WHAT THIS TASK INVOLVES → Among the entries below, only the lines from the one with "standards de 2,5 W." through the one with "Inspired by natural" are to be retyped, exactly and without pictures.

[Stored data entries]
================================
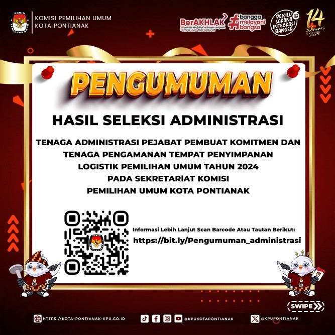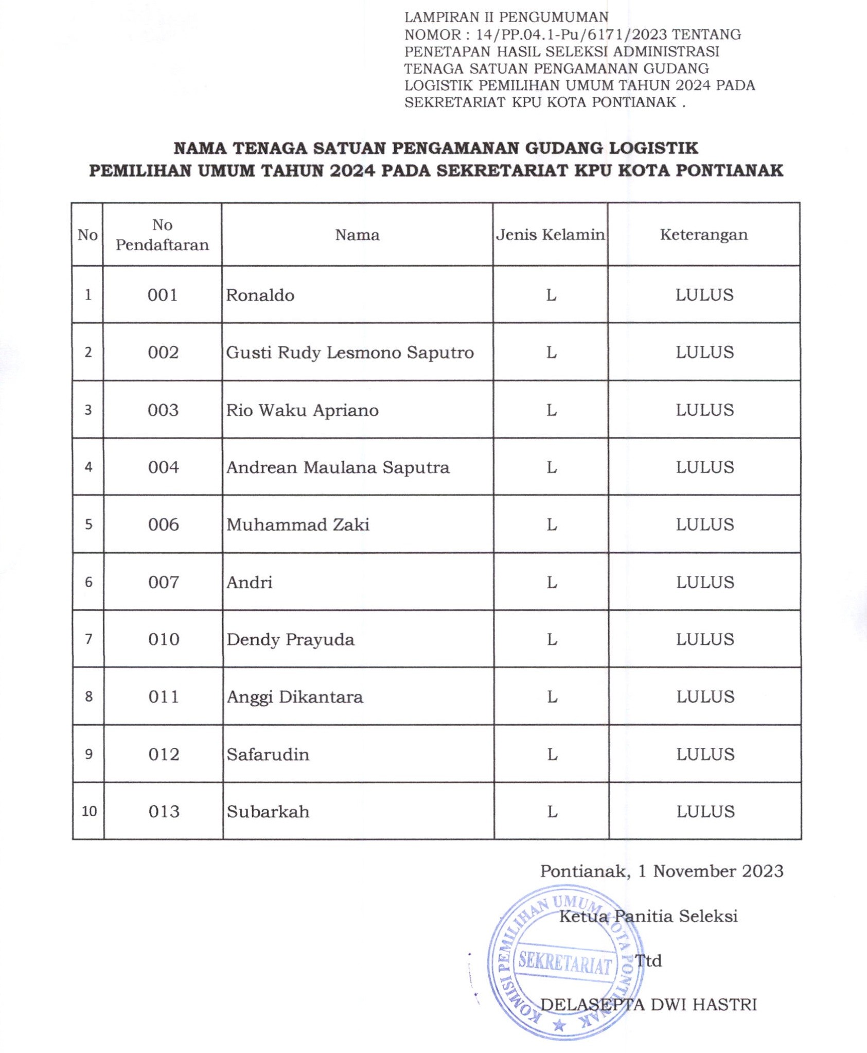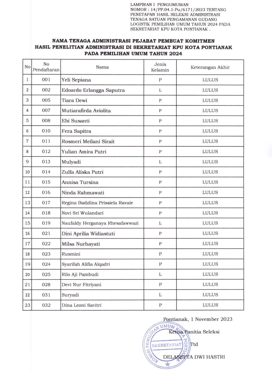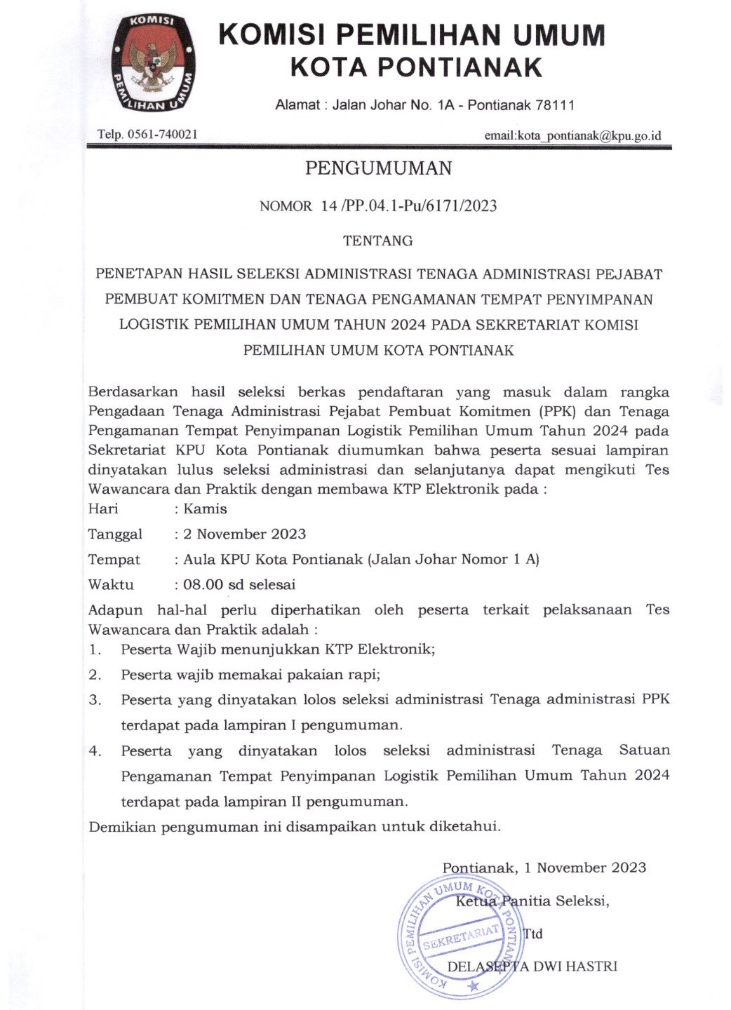PENETAPAN HASIL SELEKSI ADMINISTRASI TENAGA ADMINISTRASI PEJABAT PEMBUAT KOMITMEN DAN TENAGA PENGAMANAN TEMPAT PENYIMPANAN LOGISTIK PEMILIHAN UMUM TAHUN 2024 Rabu, 01 November 2023 16:00 415 FIle PDF: PENETAPAN HASIL SELEKSI ADMINISTRASI TENAGA ADMINISTRASI PEJABAT PEMBUAT KOMITMEN DAN TENAGA PENGAMANAN TEMPAT PENYIMPANAN LOGISTIK PEMILIHAN UMUM TAHUN 2024 PADA SEKRETARlAT KOMISI PEMILIHAN UMUM KOTA PONTIANAK Bagikan: Dilihat 415 Kali.
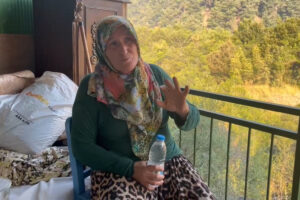 Tam bilmiyorum lakin 4,5-5 sırası buraya doruğa geldi. Oraya gelince aslında bir anda buraya geldi alevler. Eşimle birlikteydik, ondan sonra evlatlarımın hepsi geldi. Büyük oğlum çalışıyordu, o geldi yetişti, söndürmeye gittiler. Otomobilimiz oralarda kaldı, bir arkadaşa çektirdik. Allah’ım sönsün diğer hiçbir şey istemiyorum. Çok korktum. Birden harladı, yandı. Çocuklarım yanacak diye çok korktum.
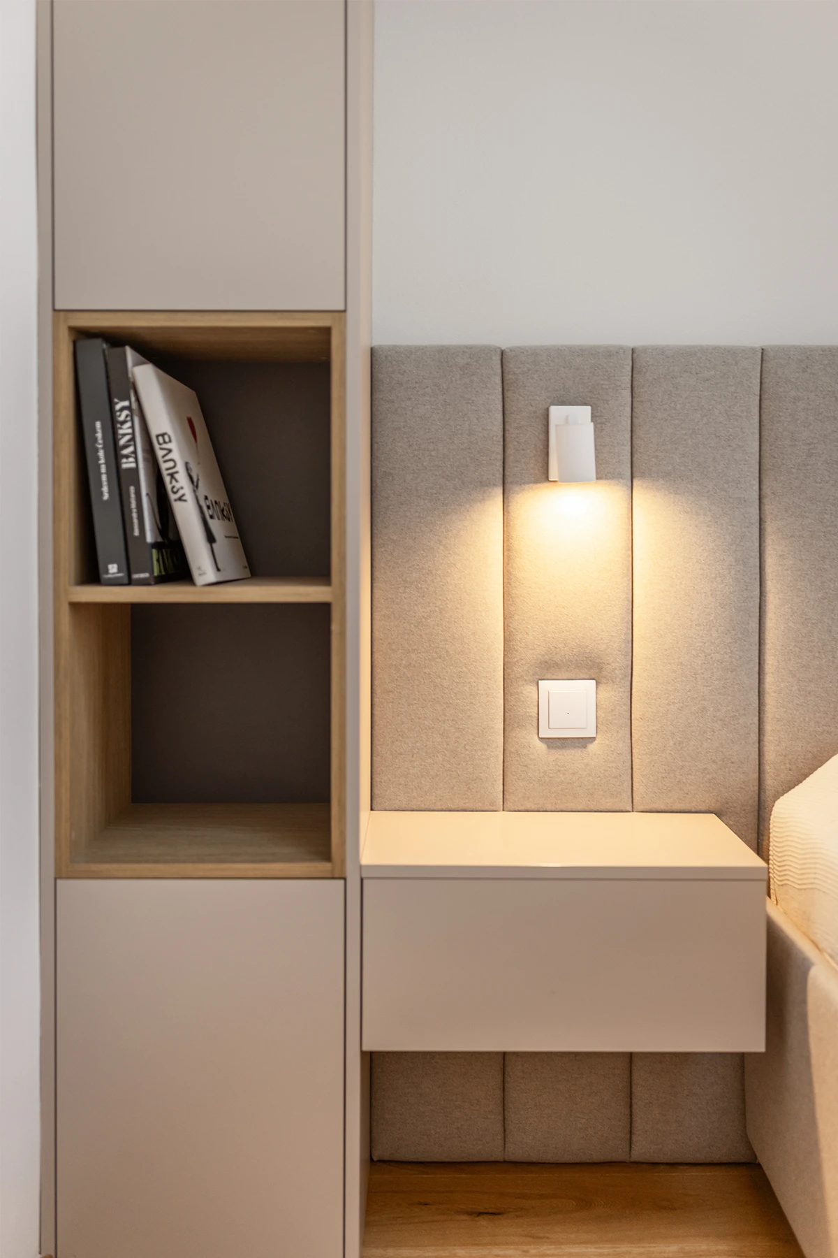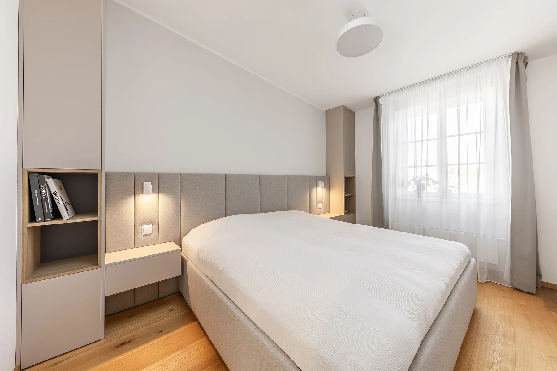 Stejný důraz na komfort a detail se propisuje i do klidové části bytu. Dominantou ložnice je čalouněná postel se širokým čelem, navržená a vyrobená na míru tak, aby prostor působil měkce a harmonicky.
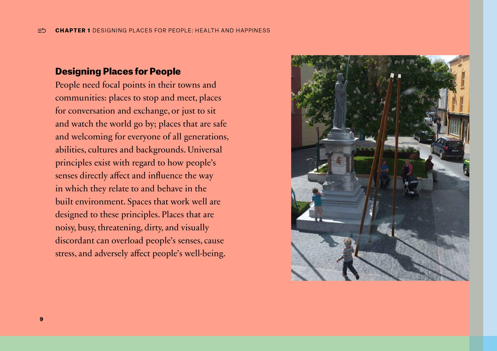 ‘Creating Places for People: The RIAI Town and Village Toolkit’ identifies that everyone needs to be considered and involved in how we plan and design our towns and villages. This is implicit throughout the document – Chapter 6 emphasises that people should be fully represented and involved in the creative process, so that they have a sense of ownership. The case studies are representative of how an inclusive process can have successful outcomes with long-term benefits.
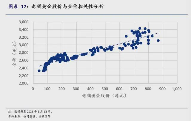 老铺黄金这种商业模式的不确定性,也反映在公司的估值逻辑上,根据浦银国际的研究,老铺的股价与金价之间具有非常高的相关性。
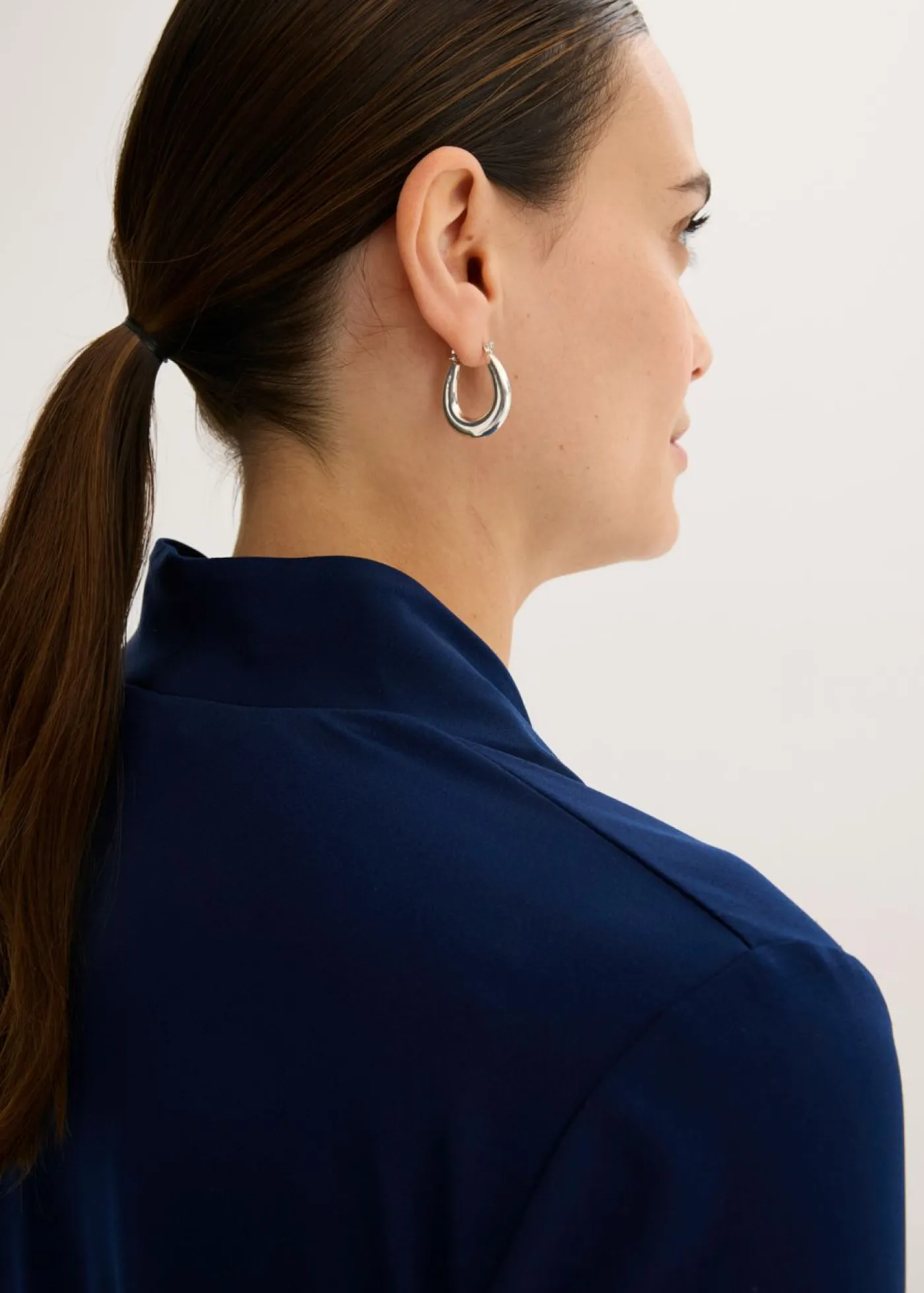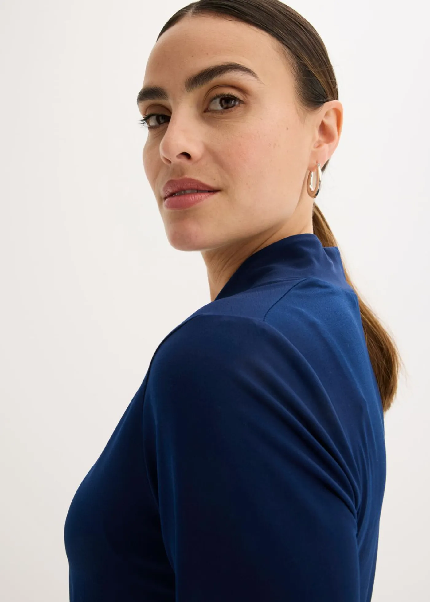 Elegante camiseta con cuello chimenea y escote en V.
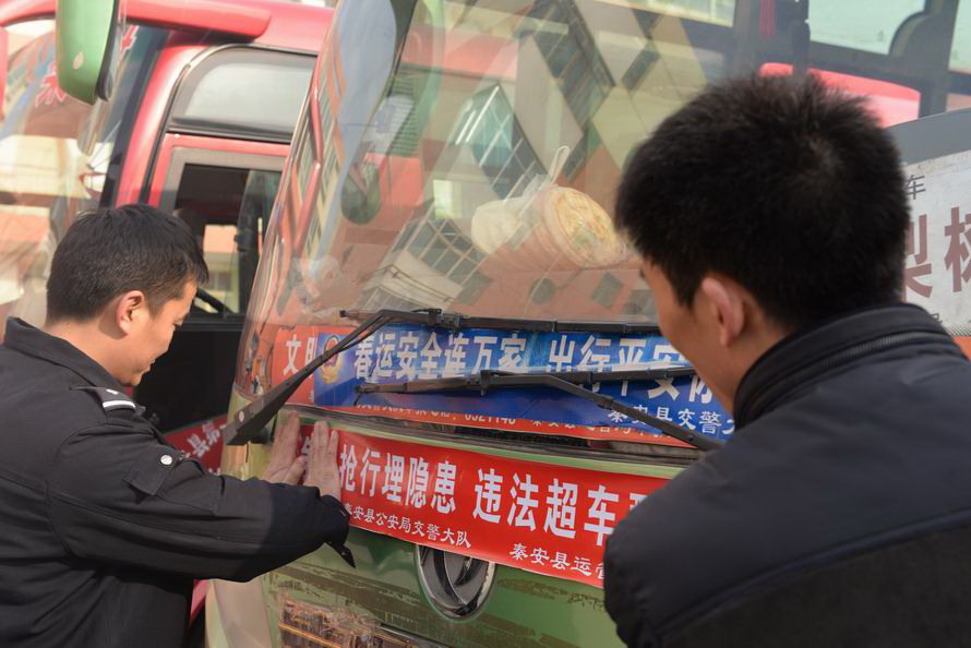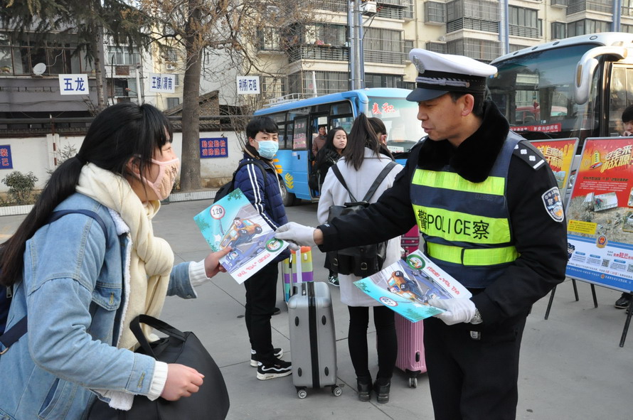 秦安縣公安局交警大隊(duì)在汽車北站邀請縣領(lǐng)導(dǎo)共同參與“暖冬行動(dòng)”志愿者春運(yùn)服務(wù)活動(dòng),副縣長到待發(fā)車輛上向乘客散發(fā)了交通安全宣傳單,向他們送去了安全出行提示和新春祝愿。志愿者們還幫助乘客推送行李,系安全帶,贏得了旅客的高度贊揚(yáng)。
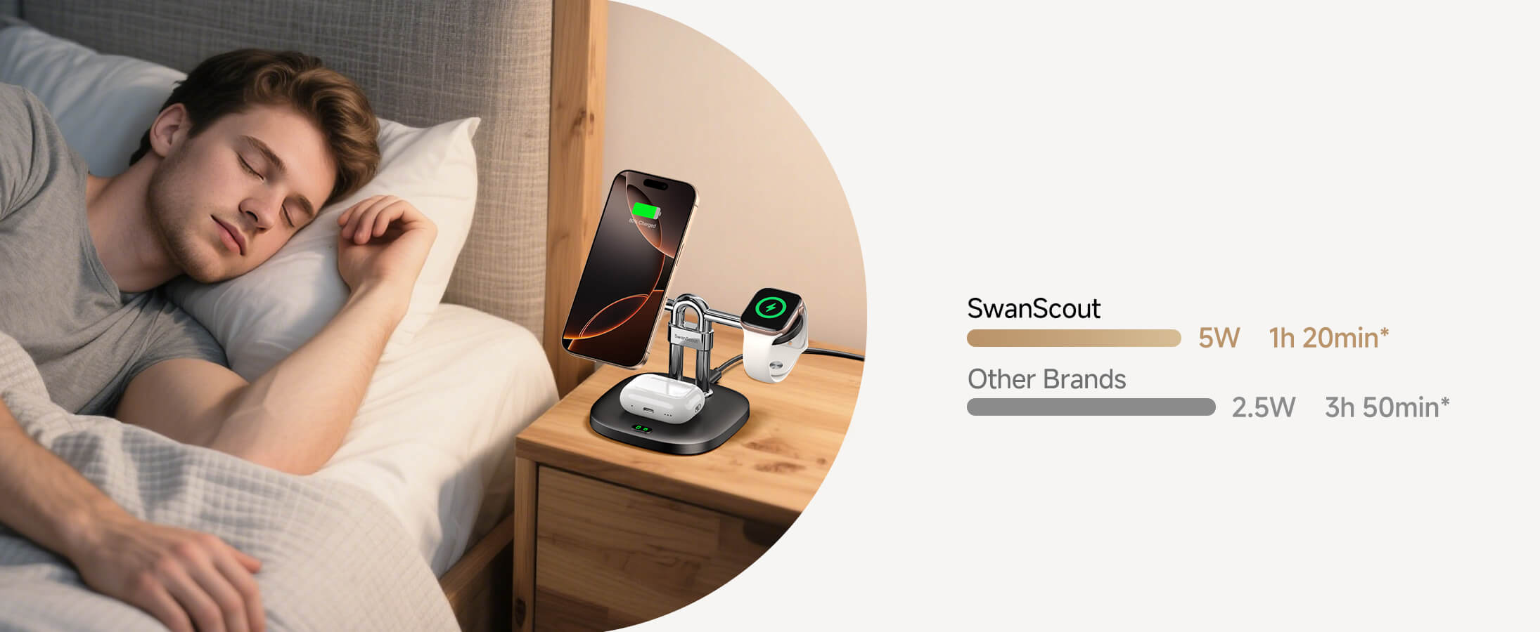 • Profitez d’une charge rapide de 5 W pour Apple Watch, atteignant 80 % en seulement 51 minutes — 47 % plus rapide que les chargeurs standards de 2,5 W.
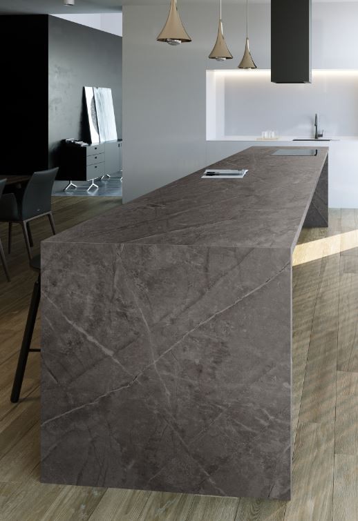 Inspired by natural stone, it resembles Gris Pulpis thanks to its elegance and versatility. Kira is a colour based on earthy tonesand has contrasting light grey veining. Fine veining – naturally arranged throughout the slab – and the smooth matte texture endow it with a timeless colour.
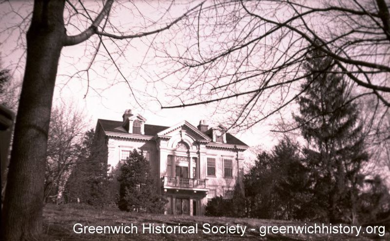 Majestic, two story home at 101 Brookside Drive with dormers, no shutters on the windows, and tall evergreen trees obscuring the first floor of the house. The full height, centered gable projecting from the center of the house is adorned with a second story balcony beneath french doors, surrounding rectangular windows, and a half-round fanlight window on top. A decorative arch extends from the second story into the gable's front pediment above the roof. Wide, bracketed eaves trim the pediment and extend along the entire roof junction.Collection
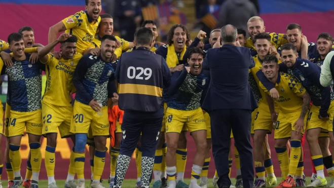 Los jugadores de Las Palmas celebran su victoria ante el Barcelona, tras el partido de LaLiga en el Estadio Olímpico Lluís Companys en Barcelona este sábado. / ENRIC FONTCUBERTA-EFE
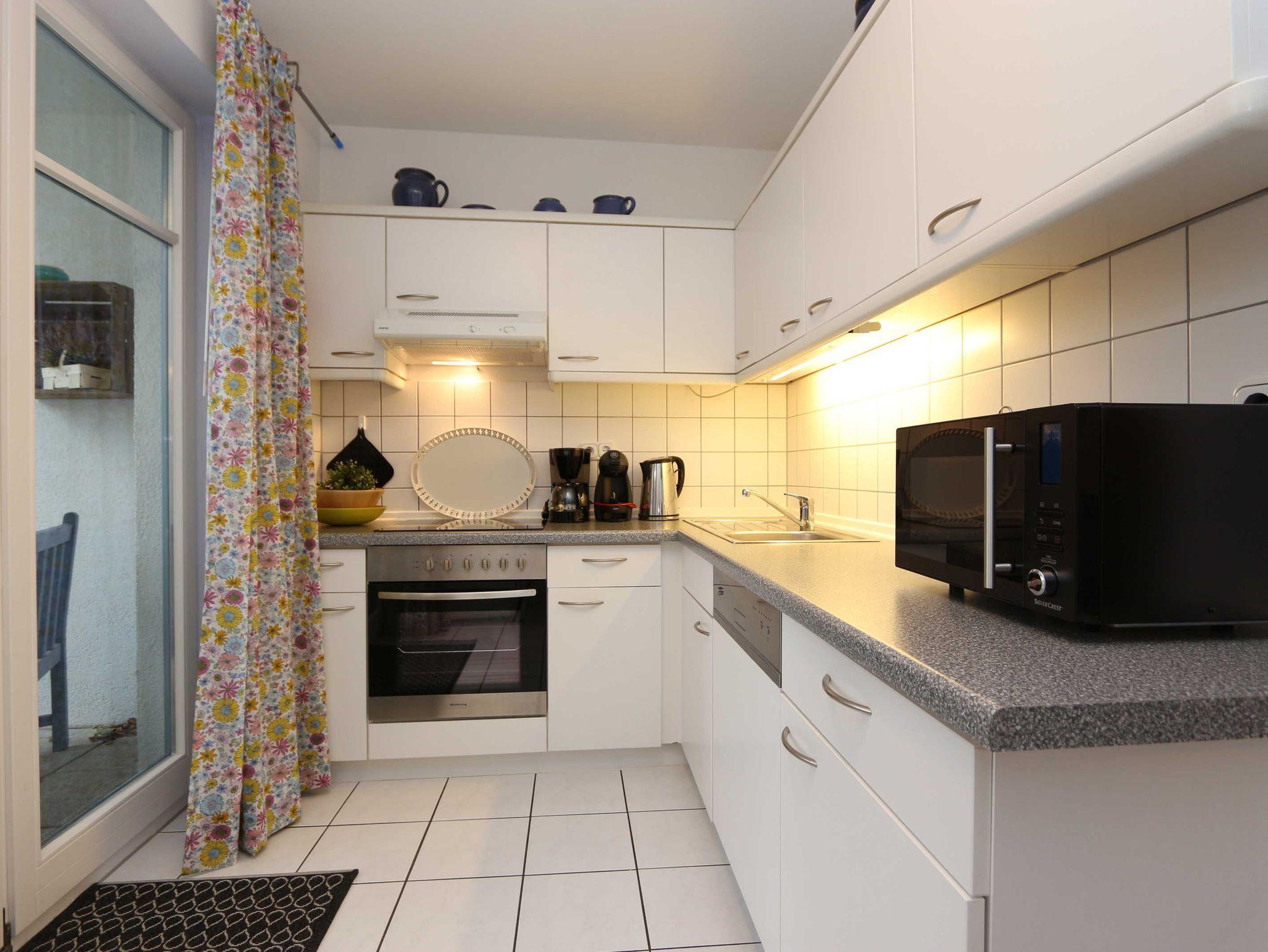 • Die komplett eingerichtete Einbauküche ist mit allem notwendigen für einen Urlaub ausgestattet und mit Zugang zur Terrasse. Dazu gehört ein Backofen, Herd, Kühlschrank mit Eisfach, Mikrowelle, Kaffeemaschine, Wasserkocher, Eierkocher, ausreichend Geschirr etc und eine Kapsel - Kaffeemaschine..
================================
SOLUTION TO THE PROBLEM →
 • Profitez d’une charge rapide de 5 W pour Apple Watch, atteignant 80 % en seulement 51 minutes — 47 % plus rapide que les chargeurs standards de 2,5 W.
 Inspired by natural stone, it resembles Gris Pulpis thanks to its elegance and versatility. Kira is a colour based on earthy tonesand has contrasting light grey veining. Fine veining – naturally arranged throughout the slab – and the smooth matte texture endow it with a timeless colour.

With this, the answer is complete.